National Association of Home Builders CEO Jerry Howard breaks down April’s housing market index, which showed new home starts rose slightly.
The U.S. housing market is slowly stirring back to life after entering a deep freeze in mid-2022, but the worst may not be over for the sector just yet.
Fannie Mae economists predicted in a revised forecast that the housing market recession could regain momentum later this year as tighter credit conditions squeeze buyers, sellers and builders.
Residential fixed investment, which accounts for about 5% of total GDP and measures construction of new housing structures, residential remodeling and production of manufactured homes, already declined in the first two quarters of 2023 and is projected to continue dropping until the beginning of next year.
While the construction of multifamily housing structures has proven "surprisingly resilient in recent months," the Fannie Mae economists are still projecting a "large slowdown in activity" later this year. Rent growth has eased – or outright declined – from the previous year while vacancy rates are also gradually increasing.

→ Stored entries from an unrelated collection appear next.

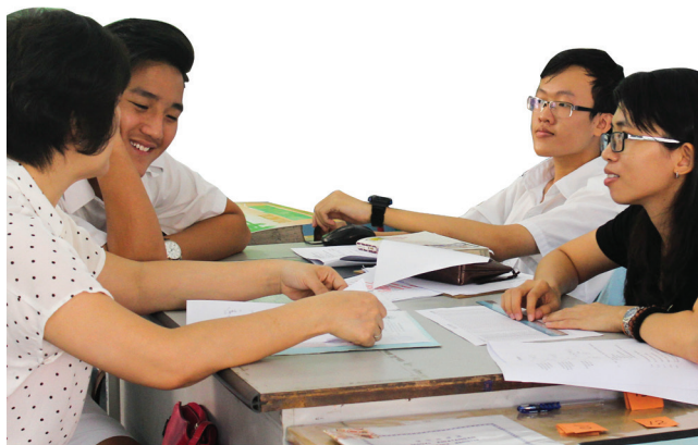
班导师（右）与学生家长会面，共同了解孩子的学习情况。

为了加强校方与家长之间的联系，让家长能够更好地了解孩子在学校的学习、生活情况以及提高学生在学习上的成效，本校于6月25日举办了“2016年家长日”，让家长亲临学校与班主任及科任进行面谈，以了解孩子在校内的课业状况以及领取上半年的成绩报告。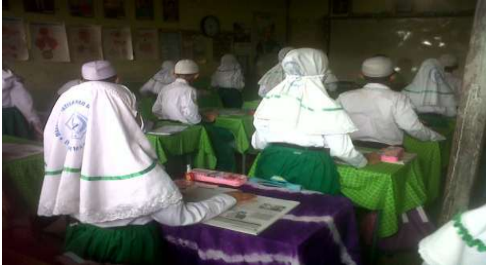
Kegiatan saat guru memasuki ruangan kelas

Pada saat pembelajaran IPS dengan Materi tentang Perjuangan Bangsa Indonesia Melawan Penjajah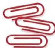
paper clip (เพ' เพอะ คลิพ) 曲别针 (ชวี เปี่ย เซิน) ลวดหนีบกระดาษ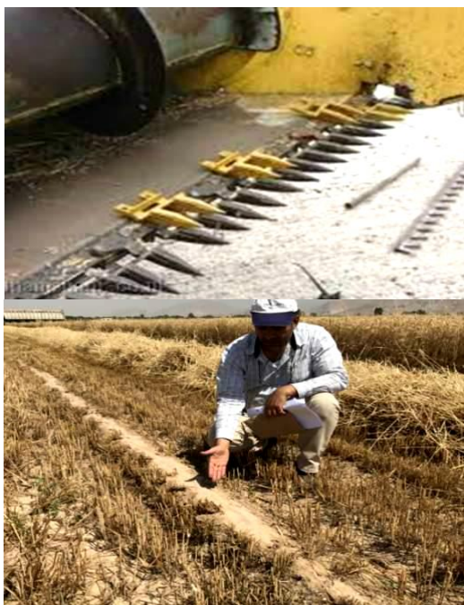
شکل ۶- آسیب به ماشین‌آلات برداشت محصول در روش کشت مرسوم گندم

مقداری خاک نیز همراه با محصول وارد مخزن کمباین می‌شود. در حالی که در کشت گندم روی پشته‌های بلند به علت کشت همه بوت‌ها روی پشته‌ها و حذف مرزهای آبیاری، برداشت محصول با ارتفاع بسیار کم و بدون برخورد تیغه‌های کمباین با خاک ممکن بوده و به‌طور خودکار یک روش دوست‌دار کمباین است (شکل ۶). کشت روی پشته‌های بلند به‌صورت موقت و دائمی انجام می‌شود: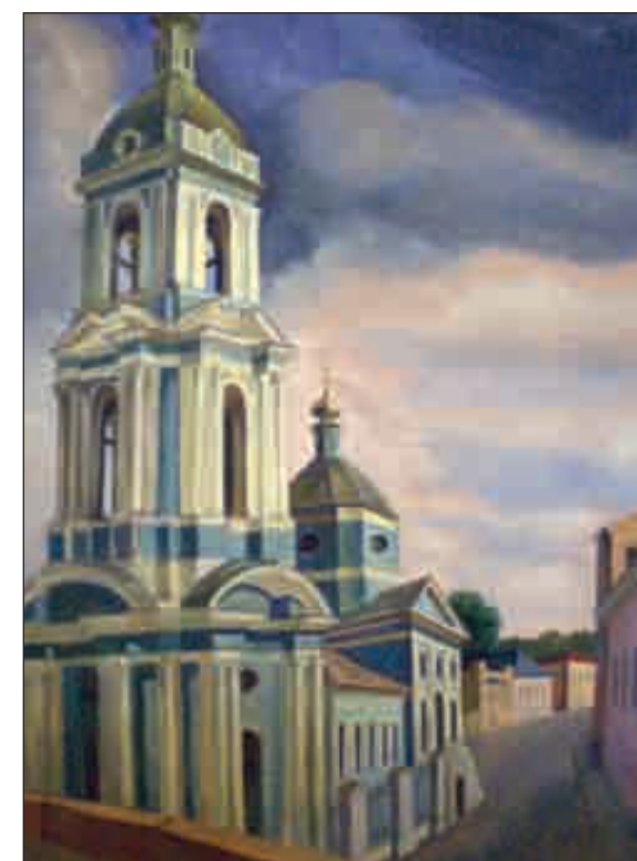
Серебрянический переулок. 2008 год

The U.S. housing market is slowly stirring back to life after entering a deep freeze in mid-2022, but the worst may not be over for the sector just yet. (Nathan Howard/Bloomberg via Getty Images / Getty Images)
"There is a record number of multifamily units currently under construction, which are scheduled to come online later this year and into 2024," the analysts wrote in the report. "Combined with tightening credit for construction lending, which we expect will soon be realized by a slower new project pipeline, we are expecting a significant slowdown in starts later this year."
And the downturn in the housing market could soon spill over into the broader economy, according to Fannie Mae. The analysis shows the U.S. entering a recession in the second half of 2023, with consecutive GDP declines through the first quarter of 2024.
For months, higher mortgage rates have dampened consumer demand and brought down home prices. As rates have slowly fallen from a peak of 7%, the housing market has shown early signs of stirring back to life.
"A modest recession is the likeliest outcome – and that its timing remains the principal outstanding question – as the Fed is likely to maintain tighter policy for longer if wage-related inflationary pressures do not subside," they wrote.
The interest-rate-sensitive housing market has cooled rapidly in the wake of the Federal Reserve's aggressive interest-rate hike campaign.
Policymakers already lifted the benchmark federal funds rate 10 consecutive times as they try to crush stubborn inflation and cool the economy.
The interest-rate-sensitive housing market has cooled rapidly in the wake of the Federal Reserve’s aggressive interest-rate hike campaign. (Yuvraj Khanna/Bloomberg via Getty Images / Getty Images)
However, the return to lower mortgage rates has not been smooth. In fact, rates moved significantly higher to start the week, according to a separate survey from Mortgage News Daily, with the average rate on the popular 30-year mortgage climbing to 6.69% from 6.59%.
Those rates remain significantly higher than just one year ago, when rates hovered around 5%.
Limited inventory has also bolstered demand and prices this month.
A recent report from Realtor.com showed that the number of available homes on the market in March is down more than 50% from the typical amount before the COVID-19 pandemic began in early 2020.
In fact, Fannie Mae economists said the lack of resale inventory will actually prevent the housing market from sliding into a deep recession – and avoid a national home price crash.
"Even though mortgage rates remain elevated compared to the previous few years, the acute lack of housing supply remains supportive of home prices," Fannie Mae economist Doug Duncan wrote recently. "Of course, the shortage of homes for sale is currently being exacerbated by the so-called ‘lock-in effect,’ which continues to disincentivize huge numbers of households with low mortgage rates from listing their homes."